Option 1: SDK — same API, automatic optimization

import { TokenWise } from '@daino/tokenwise';

const tw = new TokenWise({
  apiKey: process.env.OPENAI_API_KEY,
  verbose: true,
});

// Same API as OpenAI SDK — just cheaper
const response = await tw.chat.completions.create({
  model: 'gpt-4o',
  messages: [{ role: 'user', content: 'What is 2+2?' }],
  tools: myTools,  // automatically compressed
});

console.log(tw.printSavings());

Option 2: Proxy — zero code change

Start the proxy, change one line:

npx tokenwise proxy --port 8787

// Your existing code — only change base_url
const openai = new OpenAI({
  apiKey: process.env.OPENAI_API_KEY,
  baseURL: 'http://localhost:8787/v1',  // ← this is it
});

// Everything else stays exactly the same
const response = await openai.chat.completions.create({ ... });

# Check savings anytime
curl http://localhost:8787/v1/tokenwise/report

Real Results

╔══════════════════════════════════════╗
║       TokenWise Cost Report          ║
╠══════════════════════════════════════╣
║  Requests:                      247 ║
║  Input tokens:            1,203,847 ║
║  Original:                2,891,203 ║
║  Saved tokens:            1,687,356 ║
╠══════════════════════════════════════╣
║  Actual cost:  $          2.4103    ║
║  Without TW:   $          8.6736    ║
║  You saved:    $          6.2633    ║
║  Savings:                   72.2%   ║
╚══════════════════════════════════════╝

Configuration

All modules are enabled by default. Toggle what you need:

const tw = new TokenWise({
  apiKey: process.env.OPENAI_API_KEY,

  contextDiffer: true,       // dedup & compress messages
  skillCompressor: true,     // trim tool definitions
  modelRouter: true,         // route to cheaper models
  trackCosts: true,          // cost monitoring

  // Custom routing rules
  routingRules: [
    { condition: 'simple', model: 'gpt-4.1-nano' },
    { condition: 'moderate', model: 'gpt-4.1-mini' },
    { condition: 'complex', model: 'gpt-4o' },
  ],

  verbose: true,
});

Anthropic SDK

import { TokenWiseAnthropic } from '@daino/tokenwise';

const tw = new TokenWiseAnthropic({
  apiKey: process.env.ANTHROPIC_API_KEY,
  verbose: true,
});

const response = await tw.messages.create({
  model: 'claude-sonnet-4-6',
  max_tokens: 1024,
  messages: [{ role: 'user', content: 'Hello!' }],
});

Streaming

const stream = await tw.chat.completions.create({
  model: 'gpt-4o',
  messages: [{ role: 'user', content: 'Tell me a story' }],
  stream: true,
});

for await (const chunk of stream) {
  process.stdout.write(chunk.choices[0]?.delta?.content || '');
}

Web Dashboard

Start the proxy and visit http://localhost:8787/dashboard for a real-time cost analytics UI.

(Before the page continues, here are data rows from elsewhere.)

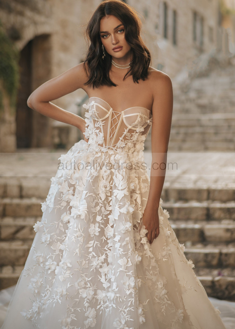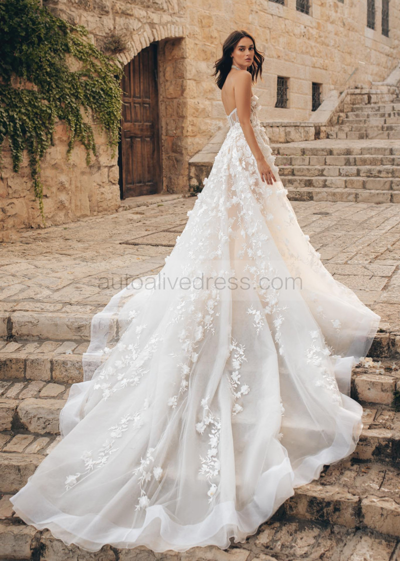 Beaded Ivory Lace Tulle Floral Chic Wedding Dress
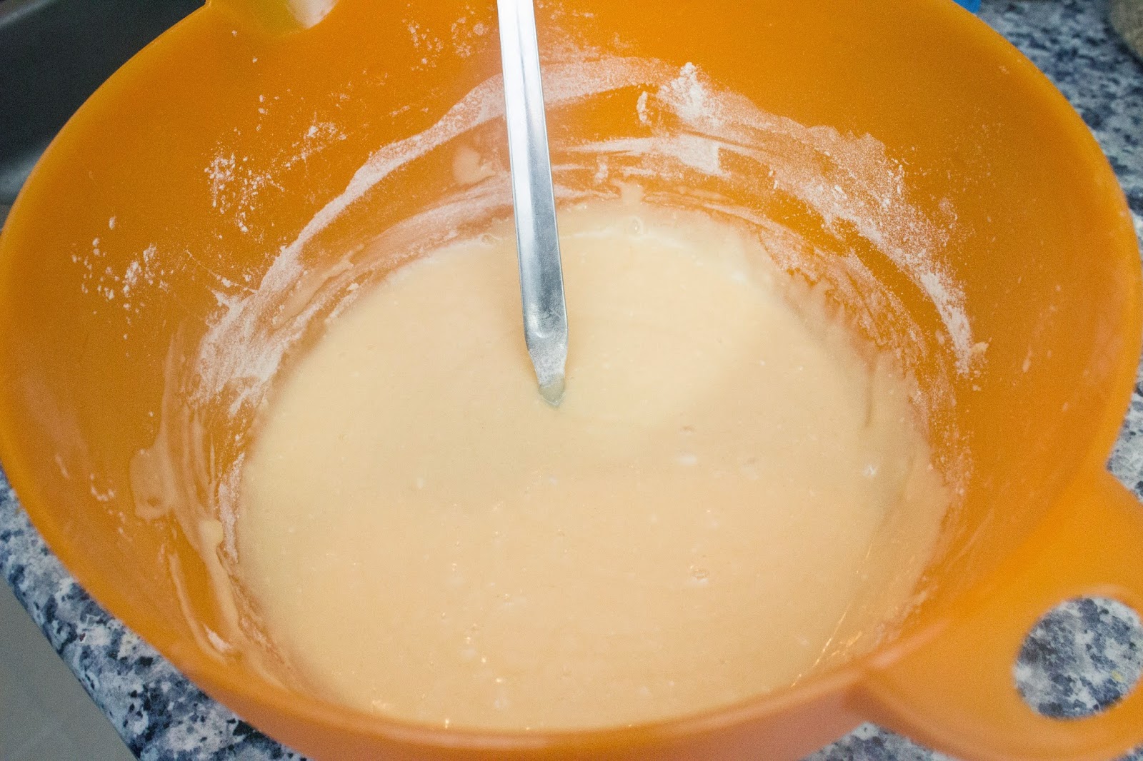 Echa el harina y lo mezclas bien. Puedes tamizarla primero para que quede mejor o si no bátelo muy bien.
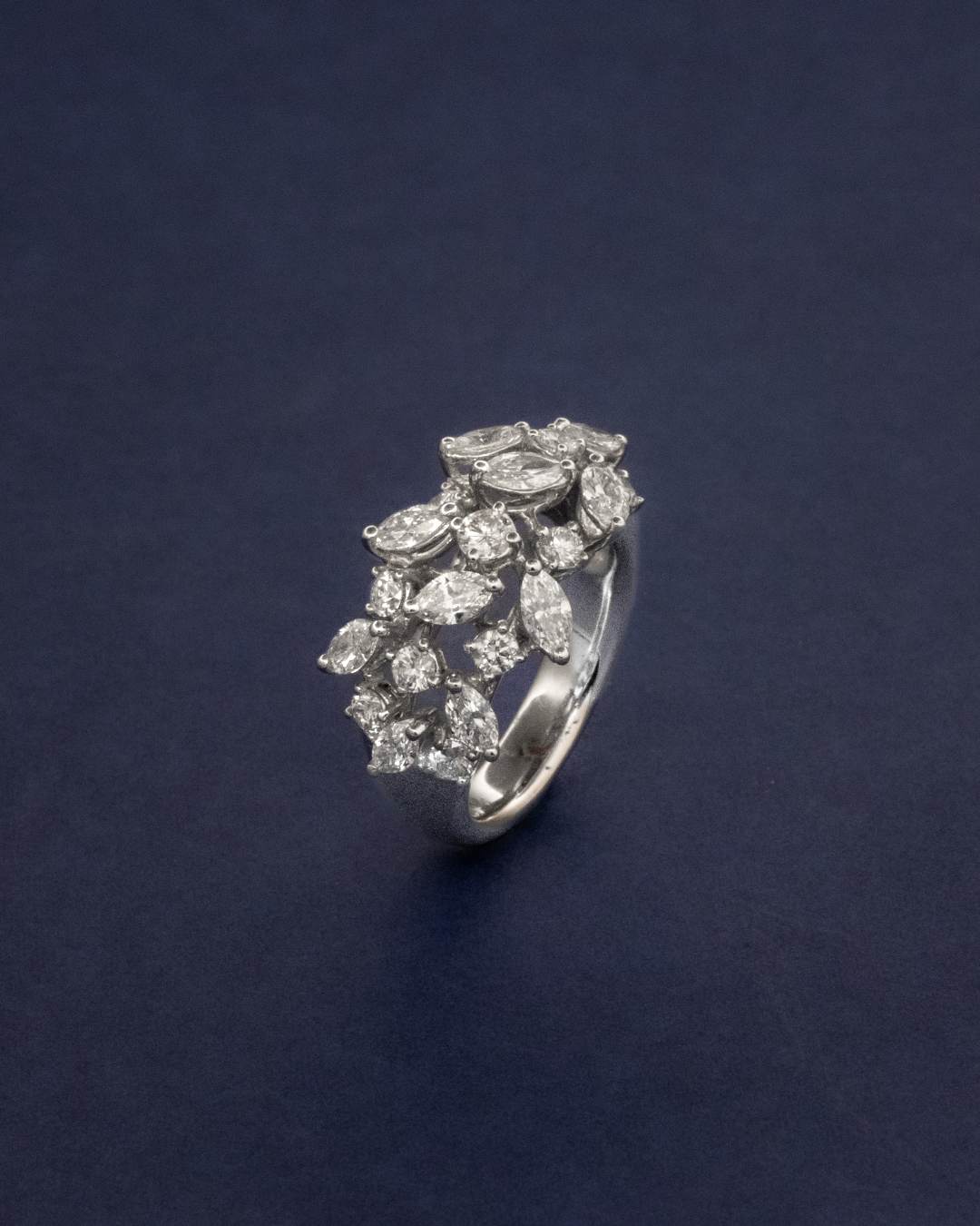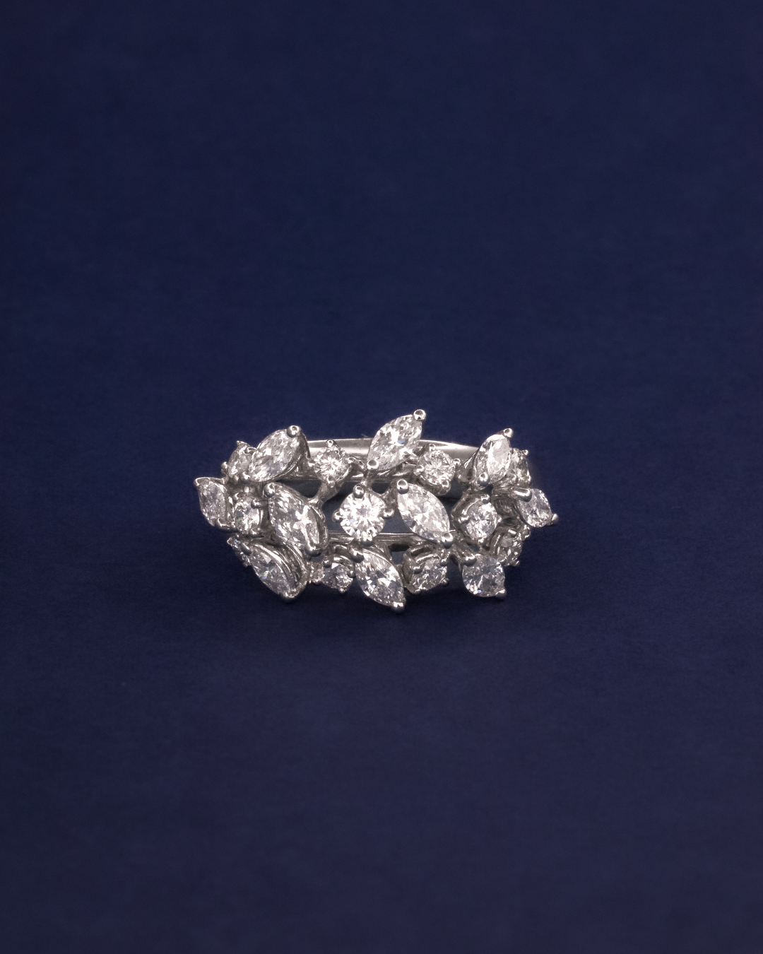 يخلق التناسق بين الماسات الماركيز الممدودة وبريق الماسات المستديرة الناعم تصميمًا لافتًا — متوازنًا، مضيئًا، ومفعمًا بالفخامة. قطعة خالدة تُضفي على كل إطلالة لمسة من التألق الراقي.

Advanced: Individual Modules

Use any module standalone:

import {
  SkillCompressor, ModelRouter, ContextDiffer,
  SharedStateStore, SmartWakeGate, OutputCompactor,
} from '@daino/tokenwise';

// Compress tools independently
const compressor = new SkillCompressor({ maxTools: 10 });
const { tools, stats } = compressor.optimize(myTools, userMessage);

// Route models independently
const router = new ModelRouter();
const { model, complexity } = router.route('gpt-4o', messages, tools);

// Share context across agents
const store = new SharedStateStore();
store.set('system-prompt', longSystemPrompt, 'agent-1');
const cached = store.get('system-prompt'); // reuse without resending

// Gate agent activation
const gate = new SmartWakeGate();
gate.register({ id: 'search', name: 'Search Agent', triggerKeywords: ['search', 'find'], toolNames: ['web_search'] });
const activeAgents = gate.evaluate('search for the latest news');

// Compact LLM output for downstream agents
const compactor = new OutputCompactor();
const { text } = compactor.compact(verboseLLMResponse);

Supported Models

| Provider | Models | |----------|--------| | OpenAI | gpt-4o, gpt-4.1, gpt-4.1-mini, gpt-4.1-nano, gpt-5, gpt-5-mini, o3, o4-mini | | Anthropic | claude-opus-4-6, claude-sonnet-4-6, claude-haiku-4-5 |

Roadmap

[x] Context Differ — message dedup + compression
[x] Skill Compressor — tool description optimization
[x] Model Router — complexity-based routing
[x] Cost Tracker — real-time monitoring
[x] Proxy Server — zero code change mode
[x] Streaming support
[x] Anthropic API native support
[x] Shared State Store — cross-agent context sharing
[x] Smart Wake Gate — idle agent suppression
[x] Output Compactor — response format optimization
[x] Web dashboard for cost analytics
[x] Python SDK (pip install tokenwise)

Contributing

PRs welcome. This project aims to make Agentic AI affordable for everyone.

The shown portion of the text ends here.